Set environment variables in C

Question

Is there a way to set environment variables in Linux using C?

I tried setenv() and putenv(), but they don't seem to be working for me.

Answer 1

I'm going to make a wild guess here, but the normal reason that these functions appear to not work is not because they don't work, but because the user doesn't really understand how environment variables work. For example, if I have this program:

int main(int argc, char **argv)
{
  putenv("SomeVariable=SomeValue");
  return 0;
}

And then I run it from the shell, it won't modify the shell's environment - there's no way for a child process to do that. That's why the shell commands that modify the environment are builtins, and why you need to source a script that contains variable settings you want to add to your shell, rather than simply running it.

Answer 2

Any unix program runs in a separate process from the process which starts it; this is a 'child' process.
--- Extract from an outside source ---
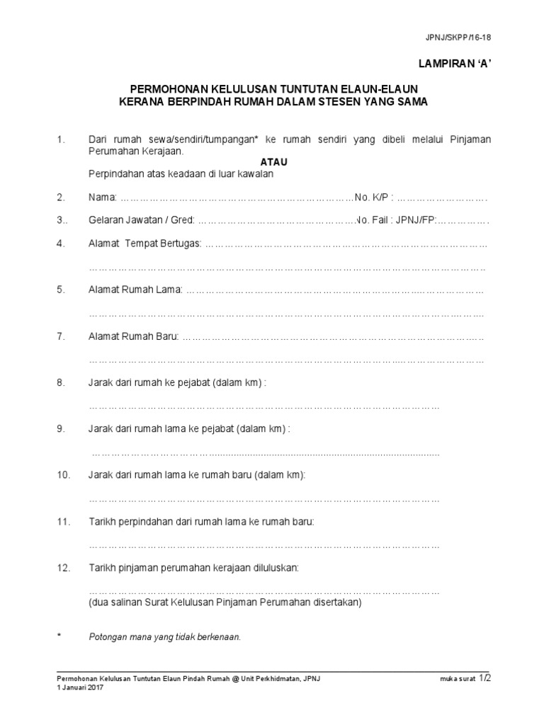 Permohonan Kelulusan Tuntutan Elaun Kerana Berpindah Rumah Doc Document
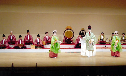 1月24日、岡山県浅口郡里庄町の里庄総合文化ホール「フロイデ」において、「第52回高梁川流域高等学校音楽会ジョイフルコンサート」が開催されました。このコンサートは、岡山県西部を流れる高梁川の本川、支川を擁する市町、また高梁川の水を利用する自治体の高等学校の吹奏楽部やコーラス部が集って毎年開催されているものです。本年は、私たちを含め、20団体の参加がありました。コンサートの運営は、参加校が持ち回りで行っているそうで、今回は、金光学園の担当であったところから、コンサートの中で のゲストとして典楽会に依頼があり、出演させていただくことになりました。 コンサートでは、楽器の紹介や中正楽「四調 春」、吉備舞「花の吹雪」を披露し、普段、出演の生徒さん達が演奏している曲とは趣が異なる音楽や舞の世界に触れていただきましたが、大きな拍手を頂き、「初めて見た」「こんなにいいものが身近にあったとは知らなかった」といった感想を頂きました。 また、当日のパンフレットに、金光教典楽会のことを紹介していただくこともできました。 |

When a program is started up -- be that at the command line or any other way -- the system creates a new process which is (more-or-less) a copy of the parent process. That copy includes the environment variables in the parent process, and this is the mechanism by which the child process 'inherits' the environment variables of its parent. (this is all largely what other answers here have said)
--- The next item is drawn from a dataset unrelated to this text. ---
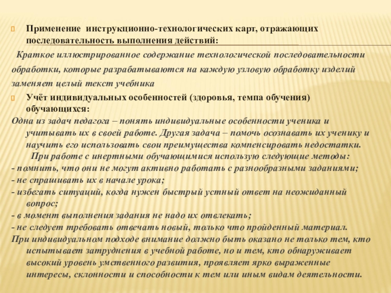 Слайд 3Применение инструкционно-технологических карт, отражающих последовательность выполнения действий:

That is, a process only ever sets its own environment variables.

Others have mentioned sourcing a shell script, as a way of setting environment variables in the current process, but if you need to set variables in the current (shell) process programmatically, then there is a slightly indirect way that it's possible.

Consider this:

% cat envs.c
#include <stdio.h>
int main(int argc, char**argv)
{
    int i;
    for (i=1; i<argc; i++) {
        printf("ENV%d=%s\n", i, argv[i]);
    }
}
% echo $ENV1

% ./envs one two
ENV1=one
ENV2=two
% eval `./envs one two`
% echo $ENV1
one
% 

The built-in eval evaluates its argument as if that argument were typed at the shell prompt. This is a sh-style example; the csh-style variant is left as an exercise!

Answer 3

The environment variable set by setenv()/putenv() will be set for the process that executed these functions and will be inherited by the processes launched by it. However, it will not be broadcasted into the shell that executed your program.
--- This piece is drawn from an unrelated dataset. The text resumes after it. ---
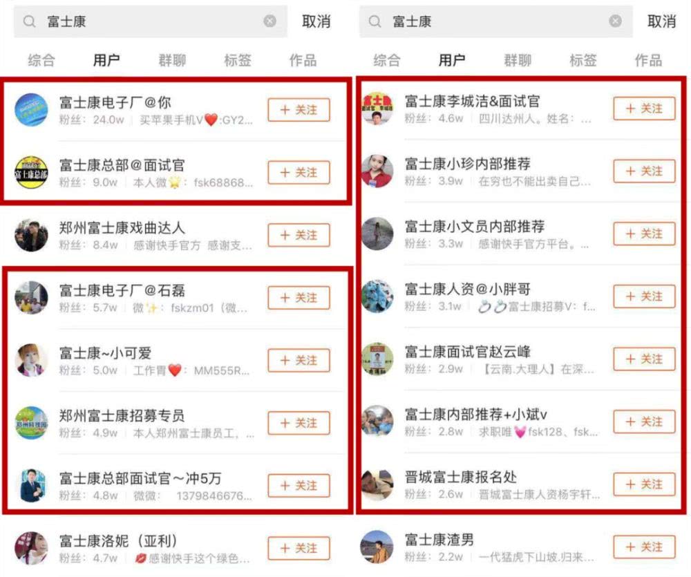富士康粉丝靠前的用户中招聘者众多

Why isn't my wrapper around setenv() working?

Answer 4

The environment block is process-local, and copied to child processes. So if you change variables, the new value only affects your process and child processes spawned after the change. Assuredly it will not change the shell you launched from.

Answer 5

Not an answer to this question, just wanna say that putenv is dangerous, use setenv instead.

putenv(char *string) is dangerous for the reason that all it does is simply append the address of your key-value pair string to the environ array. Therefore, if we subsequently modify the bytes pointed to by string, the change will affect the process environment.

#include <stdlib.h>

int main(void) {
    char new_env[] = "A=A";
    putenv(new_env);

    // modifying your `new_env` also modifies the environment
    // vairable
    new_env[0] = 'B';
    return EXIT_SUCCESS;
}

Since environ only stores the address of our string argument, string has to be static to prevent the dangling pointer.

#include <stdlib.h>

void foo();

int main(void) {
    foo();
    return EXIT_SUCCESS;
}

void foo() {
    char new_env[] = "A=B";
    putenv(new_env);
}

When the stack frame for foo function is deallocated, the bytes of new_env are gone, and the address stored in environ becomes a dangling pointer.